Related Smallwood photographs and materials include images of Portia Smallwood Whitley, Thomas Bonner Smallwood, Samuel Smaw Smallwood as well as letters (1888-1918) and photographs concerning brothers William Henry Smallwood (died in Alaska in 1918) and John Bruce Smallwood (died in Mexico after 1894). The two letters from William "Bill" H. Smallwood discuss his financial difficulties as a placer miner in Fairbanks and on Indian River in Alaska, and also prices of necessities. Letters from Bill's mining partner describe his death on July 27, 1918, due to a mental breakdown and subsequent drowning caused by large financial debts and lack of success in his present mining proposition. These letters also show why gold miners continue mining even when things are bad rather than returning home.

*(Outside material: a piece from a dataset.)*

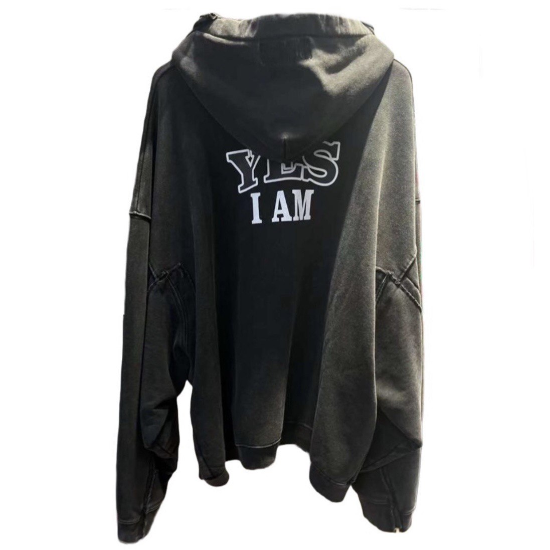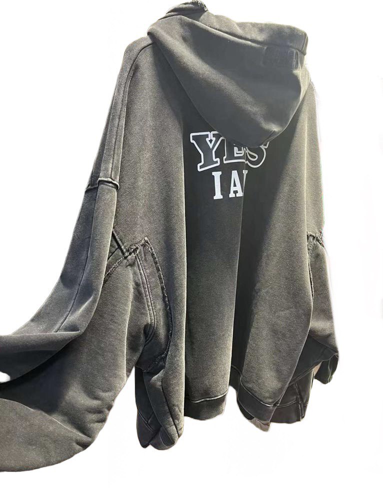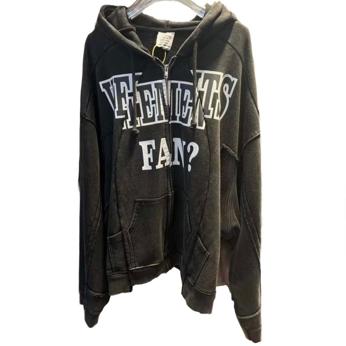 VETEMENTS Fan Deconstructed Zip-Up Hoodie Washed Black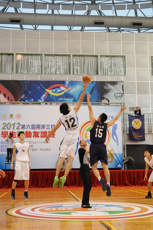 第六届两岸三校学生运动友谊赛由台湾大学承办,于10月30日至11月4日在台湾大学综合体育馆举行,来自北京大学、台湾大学、香港中文大学的近百名学生参加了男子篮球、羽毛球团体、网球团体三个项目的比赛。北京大学代表团分别获男子篮球赛冠军、羽毛球团体赛亚军和网球团体赛季军。

Also included are newspaper columns by Charles Smallwood ("Hixty Sige- he wants ter know" and "Old Silas and his mule sense"), a 1916 patent held by Smallwood, and a 1965 Washington Daily News article detailing the creation of Smallwood neighborhood subdivision in Washington, N.C.
Further materials of note include an 1823 family Bible with listing of birth marriage and death dates for members of the Williams, Hassell, and Biggs families of Williamston, autograph books for Mrs. Anna/Annie Phifer and Williamston native Emily L. Whitley (the latter offering social commentary and prominent names associated with Williamston during the decade of the 1890s), a small mid-nineteenth century carte de visite image of prominent Williamston citizen and Primitive Baptist leader, Cushing Biggs Hassell. Cabinet photographs of Alice Davis, Annie Lamb and Jennie Biggs with horse and buggy near Williamston in 1907, and of students Warren Biggs, Charles H. Godwin and Albert Cofield at Oak Ridge, N.C., in 1900, and a 1901-02 class photo of students at the Medical College of Virginia including Bob Biggs are also included.
Relevant to Washington, N.C. is a photo of a sketch of the Fowle family home at the corner of Pierce and Main Streets in Washington, a photocopy of a handwritten biography of Edmond Hoyt Harding by Katherine "Kack" Hodges (n.d.), a photocopy of the publication "Salmagundi" by Katherine Blount Harding (n.d.), a loose binding of materials denoted as a collection of talks given from 1990-1991 for the "Fifty-Five Plus Club" of St. Peter's Parish (Washington, N.C.) prepared by Rena Davenport and a photocopy of a page dated April 23, 1987, with wording for the "Washington high School Alma Mater and Fight Song" with notation that words and music for this are credited to Edmond Harding and Carl Gourch.
Pertaining to Bogart and related family materials is publication by John A. Bogart entitled "The Bogart Family: Tunis Gysbert Bogaert and His Descendants" (1959), photographs of siblings Robert, Alice and Kathleen Bogart, Mary Wilhelmina Bogart, Col. David N. Bogart's home in Washington, N.C., Robert Courtney Bogart and tombstones for Penelope Biggs Bogart, Sarah Frances Nell, Gilbert Bogart, Christina Bogart, Mary Catherine Morton Bogart and D.N. Bogart. Also within this group is correspondence for Penelope Bogart Rodman (1971, 2001), an article on the career of Penny Biggs Bogart, A DAR registration form for Penelope O'Cain Bogart and a Society of Mayflower Descendants application for Brandon Stuart Critcher, images of Penelope Bogart Rodman (ca. 1940-1956), Penelope Rodman's personal photographs of a visit to Friendship Maine including Bradford Farm and Garrison Island (ca. 2000) and copies of portraits for Gilbert Bogart (1804-1867) and William S. Bogart (1819-1892), obituaries for Sally Bogart Owen and Buddy Owen, Jr. (Sally Owen was connected to the Washington North Carolina Field Museum or "Bug House" during her youth) and Sally Owen's letter and chart detailing the families of two sisters, Sallie and Paulina Smallwood, who married men from the Biggs family in Williamston, N.C.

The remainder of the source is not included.